Burgerhart Jan S, Schotborgh Charlotte A I, Schoon Erik J, Smulders Johannes F, van de Meeberg Paul C, Siersema Peter D, Smout André J P M
Department of Gastroenterology and Hepatology, University Medical Center Utrecht, Heidelberglaan 100, 3584, CX, Utrecht, The Netherlands,
Obes Surg. 2014 Sep;24(9):1436-41. doi: 10.1007/s11695-014-1222-1.
Laparoscopic sleeve gastrectomy (LSG) is effective as a stand-alone bariatric procedure. Despite its positive effect with regard to weight loss and improvement of obesity-related co-morbidities, some patients develop gastroesophageal reflux symptoms postoperatively.

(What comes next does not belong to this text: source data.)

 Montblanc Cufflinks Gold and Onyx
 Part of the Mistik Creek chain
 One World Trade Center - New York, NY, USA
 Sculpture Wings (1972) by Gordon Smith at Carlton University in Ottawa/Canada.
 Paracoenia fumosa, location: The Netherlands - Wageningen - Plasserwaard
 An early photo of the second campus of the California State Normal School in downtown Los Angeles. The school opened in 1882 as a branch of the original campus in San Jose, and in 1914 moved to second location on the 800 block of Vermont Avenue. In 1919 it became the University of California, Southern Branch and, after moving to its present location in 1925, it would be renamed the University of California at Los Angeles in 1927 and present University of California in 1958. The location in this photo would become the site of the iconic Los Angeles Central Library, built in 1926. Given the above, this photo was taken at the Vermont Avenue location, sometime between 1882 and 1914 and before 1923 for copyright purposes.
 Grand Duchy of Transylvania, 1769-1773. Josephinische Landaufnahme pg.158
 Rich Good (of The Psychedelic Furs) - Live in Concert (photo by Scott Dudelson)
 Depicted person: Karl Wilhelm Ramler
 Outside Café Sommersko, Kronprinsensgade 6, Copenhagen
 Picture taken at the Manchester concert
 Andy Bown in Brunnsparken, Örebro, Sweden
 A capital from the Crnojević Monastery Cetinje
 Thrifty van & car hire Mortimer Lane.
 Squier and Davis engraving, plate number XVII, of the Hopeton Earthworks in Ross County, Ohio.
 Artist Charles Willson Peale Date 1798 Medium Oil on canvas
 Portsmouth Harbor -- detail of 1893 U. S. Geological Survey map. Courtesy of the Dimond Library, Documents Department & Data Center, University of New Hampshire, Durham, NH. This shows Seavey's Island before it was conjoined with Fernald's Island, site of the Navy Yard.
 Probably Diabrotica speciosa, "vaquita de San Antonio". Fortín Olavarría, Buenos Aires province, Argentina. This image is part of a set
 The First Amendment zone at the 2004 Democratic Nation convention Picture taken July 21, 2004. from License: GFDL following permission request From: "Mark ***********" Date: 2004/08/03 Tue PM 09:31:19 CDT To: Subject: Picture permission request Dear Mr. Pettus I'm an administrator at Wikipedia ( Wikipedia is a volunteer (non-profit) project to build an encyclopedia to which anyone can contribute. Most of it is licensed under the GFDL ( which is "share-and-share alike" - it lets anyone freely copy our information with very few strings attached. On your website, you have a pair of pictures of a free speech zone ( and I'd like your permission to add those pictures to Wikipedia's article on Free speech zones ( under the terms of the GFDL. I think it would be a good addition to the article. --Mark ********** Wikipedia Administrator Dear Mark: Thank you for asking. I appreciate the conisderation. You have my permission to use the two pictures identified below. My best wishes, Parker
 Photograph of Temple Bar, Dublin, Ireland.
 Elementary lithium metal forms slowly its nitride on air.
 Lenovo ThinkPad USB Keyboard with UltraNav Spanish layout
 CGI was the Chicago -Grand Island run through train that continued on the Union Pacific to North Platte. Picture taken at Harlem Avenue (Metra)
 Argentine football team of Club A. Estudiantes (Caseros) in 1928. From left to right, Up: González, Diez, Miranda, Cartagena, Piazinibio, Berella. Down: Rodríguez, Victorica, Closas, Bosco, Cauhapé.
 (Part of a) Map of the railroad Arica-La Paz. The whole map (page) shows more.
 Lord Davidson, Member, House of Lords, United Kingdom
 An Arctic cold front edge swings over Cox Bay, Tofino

The pathogenesis of these symptoms is not completely understood. Hence, this study aimed to assess the effect of sleeve gastrectomy on acid and non-acid gastroesophageal reflux, reflux symptoms and esophageal function. In a prospective study, patients underwent esophageal function tests (high-resolution manometry (HRM) and 24-h pH/impedance metry) before and 3 months after LSG. Preoperative and postoperative symptoms were assessed using the Reflux Disease Questionnaire (RDQ). In total, 20 patients (4 male/16 female, mean age 43 ± 12 years, mean weight 137.3 ± 25 kg, and mean BMI 47.6 ± 6.1 kg/m(2)) participated in this study. GERD symptoms did not significantly change after sleeve gastrectomy, but other upper gastrointestinal symptoms, particularly belching, epigastric pain and vomiting increased. Esophageal acid exposure significantly increased after sleeve gastrectomy: upright from 5.1 ± 4.4 to 12.6 ± 9.8% (p = 0.003), supine from 1.4 ± 2.4 to 11 ± 15% (p = 0.003) and total acid exposure from 4.1 ± 3.5 to 12 ± 10.4% (p = 0.004). The percentage of normal peristaltic contractions remained unchanged, but the distal contractile integral decreased after LSG from 2,006.0 ± 1,806.3 to 1,537.4 ± 1,671.8 mmHg · cm · s (p = 0.01). The lower esophageal sphincter (LES) pressure decreased from 18.3 ± 9.2 to 11.0 ± 7.0 mmHg (p = 0.02). After LSG, patients have significantly higher esophageal acid exposure, which may well be due to a decrease in LES resting pressure following the procedure.
腹腔镜袖状胃切除术(LSG)作为一种独立的减肥手术是有效的。尽管它在减肥和改善肥胖相关合并症方面有积极作用,但一些患者术后会出现胃食管反流症状。这些症状的发病机制尚未完全明确。因此,本研究旨在评估袖状胃切除术对酸性和非酸性胃食管反流、反流症状及食管功能的影响。在一项前瞻性研究中,患者在接受LSG手术前及术后3个月接受了食管功能测试(高分辨率测压法(HRM)和24小时pH/阻抗测定法)。使用反流疾病问卷(RDQ)评估术前和术后症状。共有20例患者(4例男性/16例女性,平均年龄43±12岁,平均体重137.3±25千克,平均BMI为47.6±6.1千克/平方米)参与了本研究。袖状胃切除术后胃食管反流病症状无显著变化,但其他上消化道症状,尤其是嗳气、上腹部疼痛和呕吐有所增加。袖状胃切除术后食管酸暴露显著增加:直立位时从5.1±4.4%增至12.6±9.8%(p = 0.003),仰卧位时从1.4±2.4%增至11±15%(p = 0.003),总酸暴露从4.1±3.5%增至12±10.4%(p = 0.004)。正常蠕动收缩的百分比保持不变,但LSG术后远端收缩积分从2006.0±1806.3降至1537.4±1671.8 mmHg·cm·s(p = 0.01)。食管下括约肌(LES)压力从18.3±9.2降至11.0±7.0 mmHg(p = 0.02)。LSG术后,患者食管酸暴露显著增加很可能是由于该手术后LES静息压力降低所致。